Ongoing Deal Discussion

[Always] WOW ---- New and used cars from US up to 30% cheaper - Read post #1

Poll: Are Canadian cars overpriced

  • Total votes: 335. You have voted on this poll.
I have no voice, Canadian Dealers/Manufacturers are taking advantage of the Canadian consumer
 
112
33%
In most cases, new cars purchased in the US are almost always thousands cheaper
 
149
44%
I owe no one a living, competition is good. Thank you NAFTA!
 
61
18%
With the exchange rate factored in, Canadian prices are roughly the same
 
6
2%
With the exchange rate and financing, Canadian prices are cheaper - Buy Canadian!
 
7
2%

Poll ended at Dec 28th, 2006 1:46 pm

Newbie
Oct 20, 2002
48 posts
Burnaby, B.C.
I think Toolman was just lucky. I made the decision to buy a Sienna from the U.S. last week, wired the money yesterday, and by chance I just happened to double-check the inadmissible vehicle list and discovered that the 2008 Sienna was on there. I called RIV this morning and they confirmed that any 2008 Sienna built on or after September 1, 2007, will not be allowed into Canada. The person at RIV said that the only way such a car could be imported would be to have an immobilizer that is up to Canadian standards installed, but that installation would have to happen in the States--it would not be allowed across the border until it was done. She didn't even know whether such a thing was possible, and said I should call Toyota.

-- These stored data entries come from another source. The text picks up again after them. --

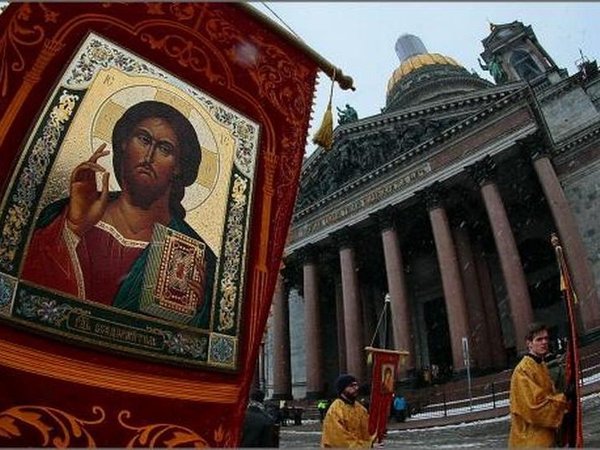Перед шествием в Исаакиевском соборе прошла архиерейская литургия. Ее возглавил архиепископ Петергофский Амвросий. Как сообщили агентства, к участию в мероприятии привлекли молодежные общины приходов Санкт-Петербургской митрополии, учащихся Санкт-Петербургской духовной академии и других вузов города, членов общественных и ветеранских организаций, прихожан петербургских храмов и всех желающих «принять участие в соборной молитве об умножении любви и единении верующих».
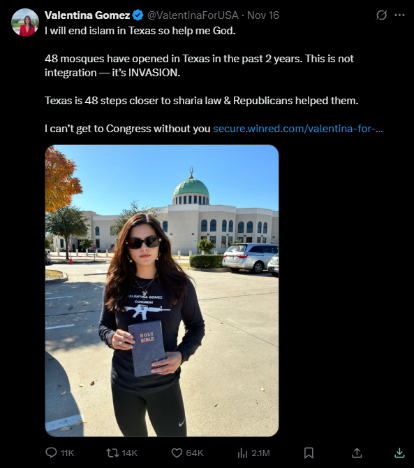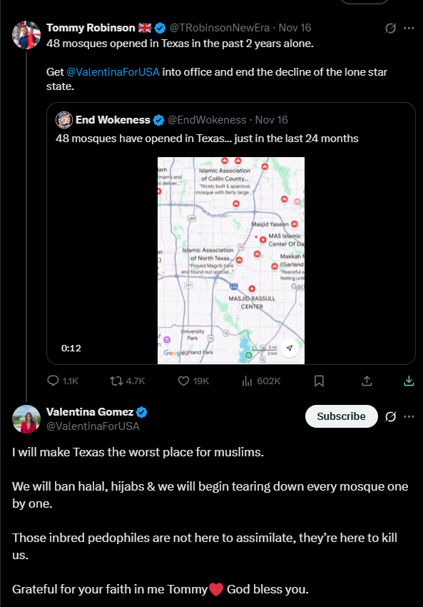 Gomez posted the threat in reply to British far-right activist Tommy Robinson, who had shared a report claiming 48 new mosques had opened in Texas.
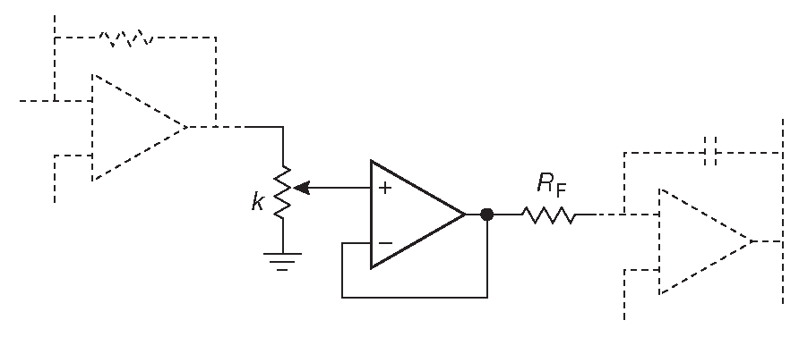 Рис. 6.32 Фильтр с независимой установкой усиления и добротности. Примечание. \(R\) - два согласованных резистора
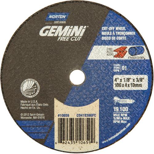 Portable Small Diameter Reinforced Cut-Off Wheels – Gemini® – 4″, 1/8″, 3/8″, 19100, 1, Aluminum Oxide

I was lucky--I talked to my dealership and although the car I was going to buy was manufactured in October, they had one on the lot with identical options but in a different colour that was manufactured in August, so I'm in the clear. But if you've already arranged to bring a Sienna across the border, TALK TO YOUR DEALER! Otherwise you may be facing a nasty surprise when you get across the border.
Banned
Oct 24, 2004
589 posts
14 upvotes
MightyMike wrote:
Nov 3rd, 2007 3:00 pm
I think Toolman was just lucky. I made the decision to buy a Sienna from the U.S. last week, wired the money yesterday, and by chance I just happened to double-check the inadmissible vehicle list and discovered that the 2008 Sienna was on there. I called RIV this morning and they confirmed that any 2008 Sienna built on or after September 1, 2007, will not be allowed into Canada. The person at RIV said that the only way such a car could be imported would be to have an immobilizer that is up to Canadian standards installed, but that installation would have to happen in the States--it would not be allowed across the border until it was done. She didn't even know whether such a thing was possible, and said I should call Toyota.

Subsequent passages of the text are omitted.